New Yorker Hotel

Recently we took an Untapped Cities "behind the scenes" tour of the New Yorker Hotel. The New Yorker Hotel was built in 1929 on 34th Street and 8th Avenue. It's 43-stories tall, 1-million square feet and has 1,083 rooms. The hotel is an Art Deco gem, with an enormous and iconic marquee sign that can be seen from miles away. I actually stayed at the New Yorker once when I visited the city with my friends years ago, but on this tour we got to see parts of the hotel usually off-limits to visitors.

One of the first places that we visited was the sky lounge and the rooftop. I'm not really afraid of heights but being 43-stories above the city on a windy, cold night was as scary as it was thrilling. The sign is crazy big when you're right next to it, and the different perspective was really fascinating. I think I could live here my entire life and still be wowed by the skyline—even Madison Square Garden manages to look charming from above.

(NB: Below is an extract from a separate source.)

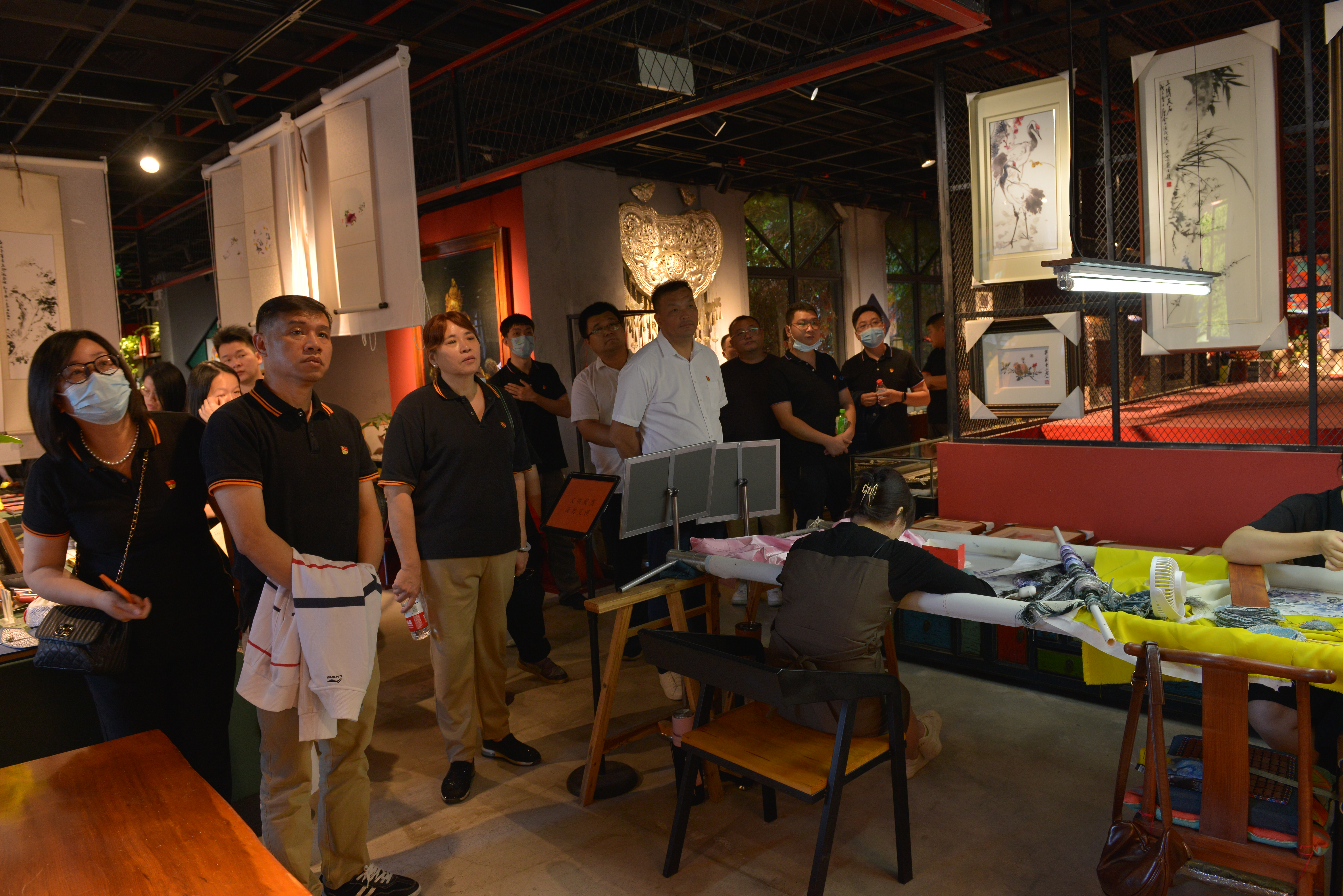 組織黨員到百益上河城非遺生活館參觀少數(shù)民族織繡
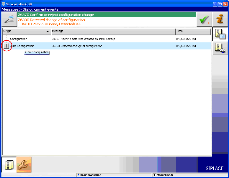 The operator is prompted to confirm or reject the Auto-configuration on the GUI.

We also got to explore the lower levels of the hotel, including remnants of the original DC power plant. When it was built, the hotel was powered by coal-fired steam boilers and generators in what was then the largest private power plant in the US—it was later modernized to AC power in the 60s, and now sits abandoned.

The best part of the tour, however, was seeing the entrance to a tunnel that once connected the hotel to the subway and Penn Station. The tunnel is blocked off now—and the New Yorker is now rebranded as a Wyndham hotel—but in my dreams I would be able to traverse the tunnel and magically emerge on the other side into the original Pennsylvania Station.